Mildemonios

Heraldo 03: El ataque de los roedores parlantes

In .Inicio, Crónica on 14 octubre, 2011 at 5:06 PM

Este dibujito de aquí arriba lo hice cuando estaba preparando mi segunda novela, El heraldo en la barca.  Se llamaba Chayna y me dio muchos problemas imaginármela visualmente.  O sea, es fácil escribir algo que no sabes cómo se vería, pero yo quería saber no solamente cómo se veía, sino además cómo caminaba, de qué color era, etc.  Creo que en la literatura de fantasía eso es importante, porque así después evitas cometer contradicciones. Y bueno, a Chayna la creé porque dentro de la historia que se contaba en la novela necesitaba un personaje bastante específico que cumpla una función bien definida.  Pero no solo eso, debía pertenecer a una especie de seres que introducía por primera vez con ella, así que la tarea era más difícil aún.

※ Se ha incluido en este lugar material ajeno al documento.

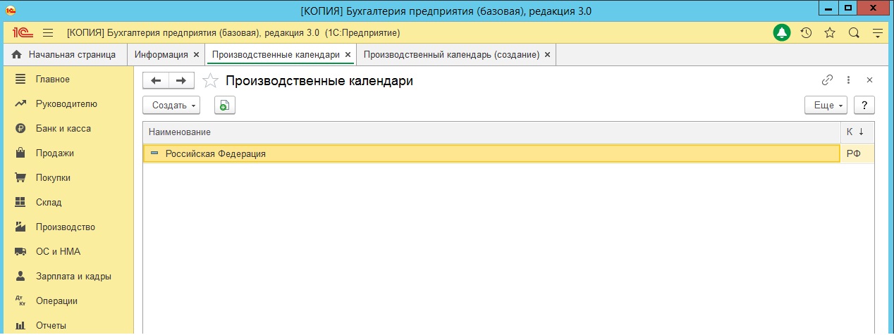 Справочник Производственные календари содержит все созданные в базе календари.
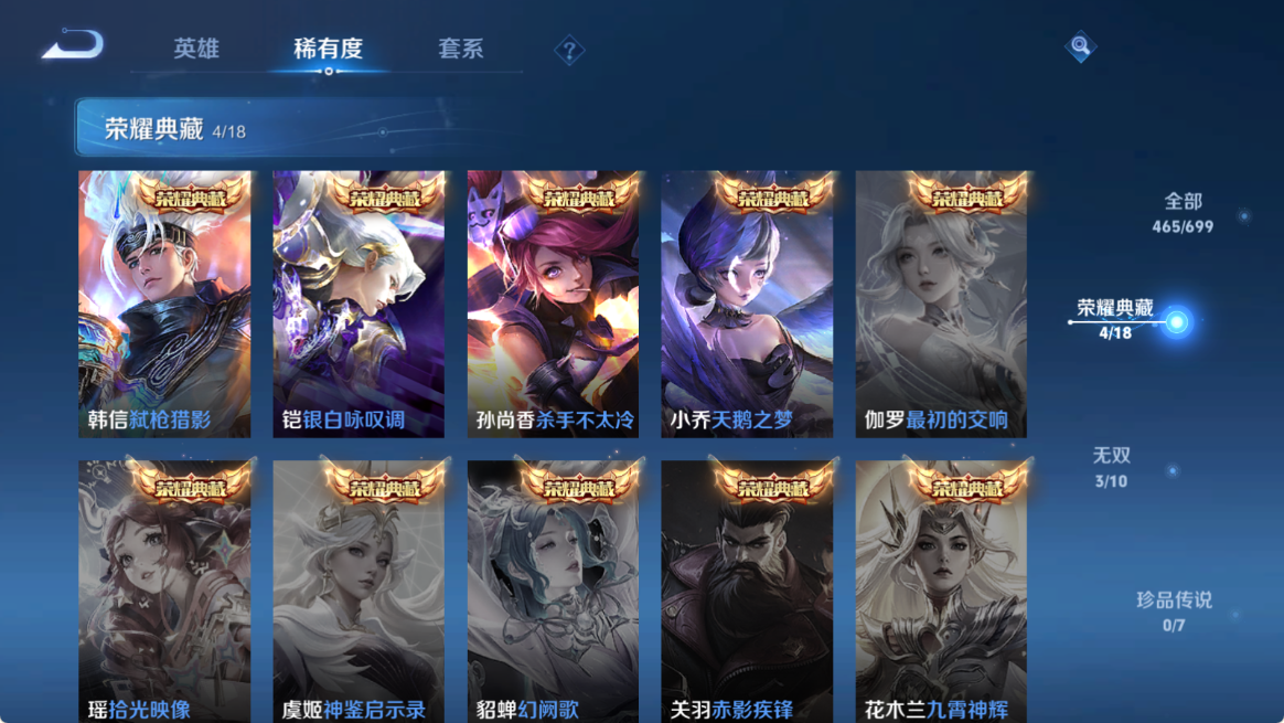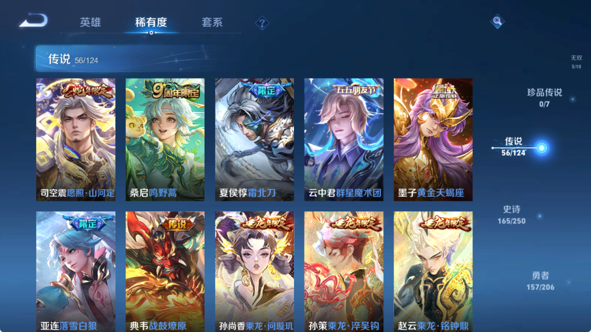 贵族等级V10,英雄数量124,典藏皮肤数4,皮肤数量465,天鹅之梦/杀手不太冷

No sé si me habrá ligado, pero al final me dio la impresión de que estos seres tenían potencial y para mi siguiente proyecto, título provisional El heraldo en la casa, decidí darle exposición a la sociedad de la cual venía Chayna.  Esto representaba un problema, porque en La barca se cuenta que su mundo fue invadido y que tuvieron que huir.  Lo que podía mostrar, en todo caso, eran los refugiados o sobrevivientes de la invasión.  Pero aún así pensé que sería chévere hacer el intento.

Así es que en La casa los personajes principales se relacionan con una serie de personajes que permiten proyectar cómo era que funcionaba esta sociedad.  Pero, nuevamente, imaginárselos se me hizo complicado.  Para eso nuevamente preferí dibujarlos.

Uno de los aspectos de esta sociedad que se llega a ver es una mancha de obreros y de constructores.  Aquí uno de ellos.

Y aquí uno de los cazadores, parte de un grupo totalmente distinto.  Me parece interesante cómo sin querer a cada uno le chanté orejitas distintas.  Y ahora que lo veo en retrospectiva, tiene sentido.  Un personaje más impulsivo y más de acción tendría sentido que tenga orejas más puntiagudas e inclinadas hacia atrás.  No sé por qué.  En cambio, el constructor, que es más reflexivo y cauto, tiene orejitas más redondas.  Detalles sonsos.